Features of Low Duration Funds

  • The best low duration funds invest in debt securities like money market instruments, bonds, G-Secs (government securities), etc.
  • The fund can be open-ended or close-ended. Open-ended funds allow entry and exit to investors throughout the fund’s life until maturity.
  • The income on debt instruments is the coupon or regular income monthly, quarterly, semi-annually, or annually.
  • Apart from investors with a lower investment horizon and lower risk profile, low duration funds are also suitable for investors who require a regular source of income from their investment.
  • Funds with a shorter duration will be more liquid than funds with a longer duration.
  • Low duration funds do not require constant management by the fund manager. Once the instruments to be invested in are selected based on value, income flows, and credit quality, the need for active management reduces greatly.
  • These funds usually have lower fund management fees.

Taxability of Low Duration Funds

Most investors think of tax benefits when investing in the best low duration funds. Mutual funds can be taxed based on their gains. Gain on selling a mutual fund scheme is classified into two types- Short Term Capital Gains and Long-Term Capital Gains. Gains depend on the holding period. The minimum holding period of a debt mutual fund as per tax rules of India is three years. 

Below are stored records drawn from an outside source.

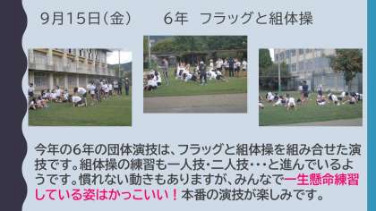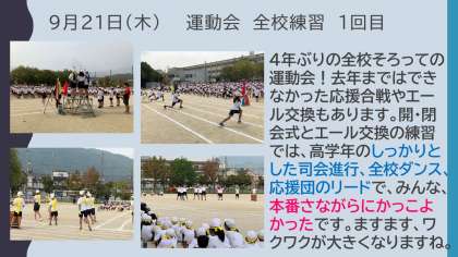 子どもたちは、運動会に向けて競技や演技、応援団などの係活動に頑張っています。各学年の練習も順調に進んでいて、本番が楽しみです。応援合戦やエール交換は4年ぶりの実施なので、応援練習も新鮮な感じです。
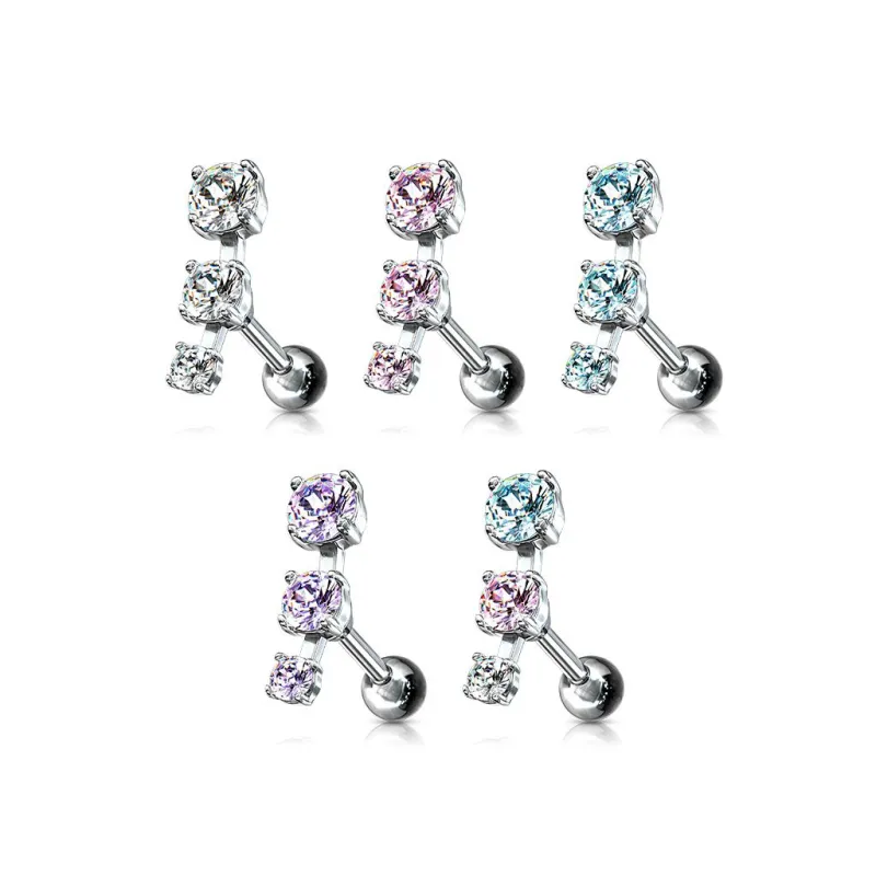 Piercing oreille Tragus Cartilage Triple Gemmes
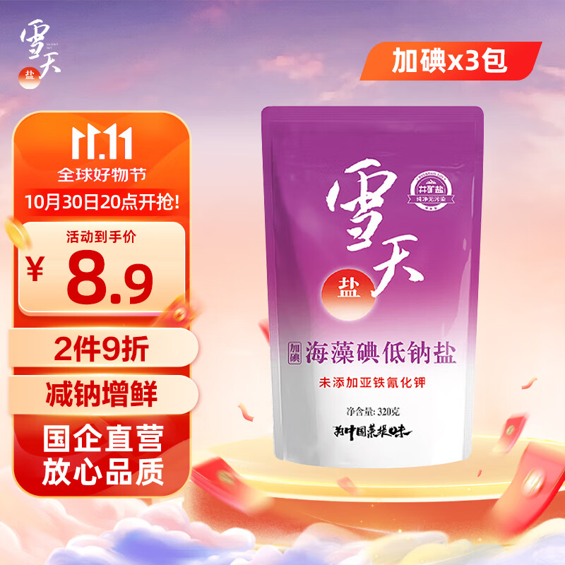 包邮 雪天海藻碘低钠盐320g*3【加碘】食用盐 家用烹饪调味品调料 深井岩盐
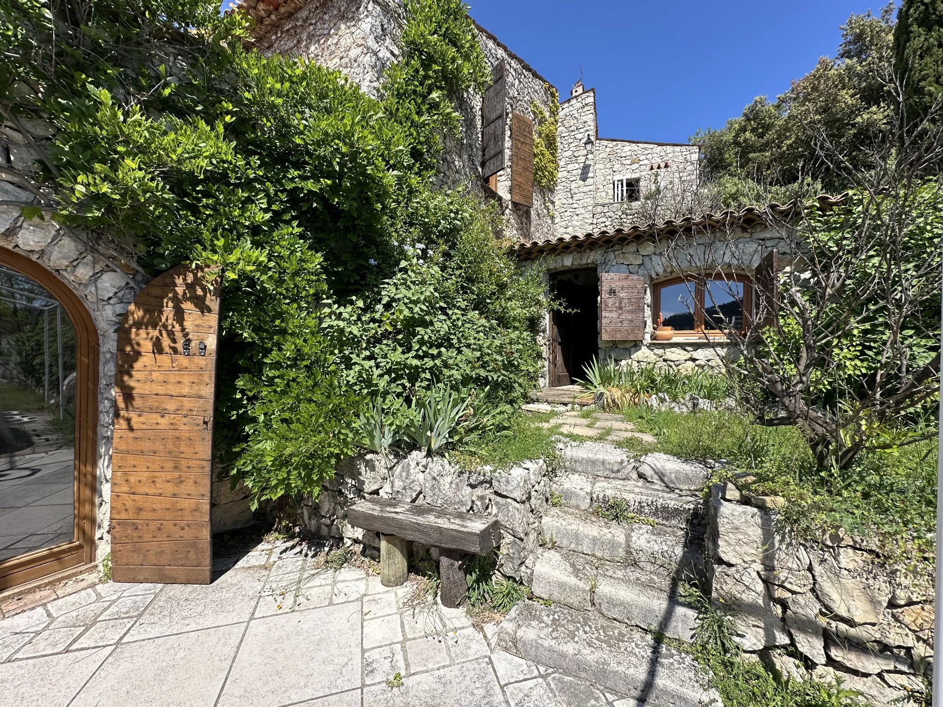 En plein cœur de la l'arrière pays Niçois, dans un lieu somptueux et particulièrement au calme, aux aspects chaleureux et authentiques à seulement 30 minutes de Nice. Sans vis-à-vis, ce lieu atypique, au cœur de la nature, magnifique bergerie en pierre restaurée de 360m2 d'habitations comprenant 6 à 7 chambres, édifiée sur une propriété de plus 14,5 ha, complantée de plus de 200 oliviers, 350 pieds de vignes et 20 arbres fruitiers, ainsi que des bois comprenant chênes et pins. La partie principale d habitation comporte une pièce voutée de la bergerie d'une surface de 90m2, classée au patrimoine historique. Un domaine unique, avec son Mazet indépendant de 52m² saura parfaitement s'adapter à vos besoins. Un jardin plat et gazonné entoure la bergerie et mène à la piscine avec un panorama exceptionnel sur la vallée. La propriété jouit d'un ensoleillement maximal. Un bassin de 170m3 par système autonome d'eau potable et d'arrosage. Garage, abris, dépendance. De nombreux stationnements. Idéal pour les amoureux de la nature ou un projet de chambres d'hôtes. Les informations sur les risques auxquels ce bien est exposé sont disponibles sur le site Géorisques: georisques.gouv.fr

It means that if an investor sells the fund within three years of purchase, it will be taxed as Short Term Gain. Let’s take an example to understand this better. Suppose someone purchased a Low duration Fund on 01 March 2020 and sold it on 01 March 2022. Since the holding period is two years, it is Short term capital gain and will be taxed as per the investor’s applicable tax slab. Long-Term Capital Gains held for more than three years are taxed at 20%.

Risk Involved With Low Duration Funds

Interest Rate Risk

Interest rate risk exists in all types of debt funds, although at different levels. Interest rate risk is the risk that changes the fund’s value due to changes in market interest rates. Debt funds invest in debt instruments. The return from debt instruments is interest on the amount invested. If the market interest rate decreases, there are high chances that interest return from these debt instruments that the fund has invested in will also decrease. Since return decreases, the overall value of the fund also decreases.

Credit Risk

Credit risk is the risk that one of the debt holdings that a fund has invested in will default. This may lead to a decrease in the value of the fund. The amount of credit risk of a fund depends on the credit rating of instruments it invests in. Debt instruments with higher credit ratings have lower chances of default. The average credit ratings of instruments invested are usually mentioned in the fund’s summary. Hence, one may find statements like “This fund invests in instruments with a rating of BBB and more” in the details of the fund.

Advantages of Low Duration Funds

Liquidity

Since low duration funds invest in debt instruments with lower maturity than high duration funds, the liquidity of these funds is also higher.

Low risk

Interest rate risk for low duration bonds is comparatively lesser. It takes time for changes in market interest rates to penetrate the market. Hence, it does not impact low duration instruments to a great extent compared to funds with higher duration.

Decent returns

The annualised low duration funds returns are better than that of the ultra-short-term fund. This can be illustrated with a real-life example. The 3-year return (annualised) of HDFC Ultra Short Term Fund Direct-Growth is 5.93%. On the other hand, the 3-year return (annualised) of HDFC Low Duration Fund Direct Plan-Growth is 6.9%. Thus, a theoretical point is explained with a real-life example. These funds give better returns to invest for a greater time horizon.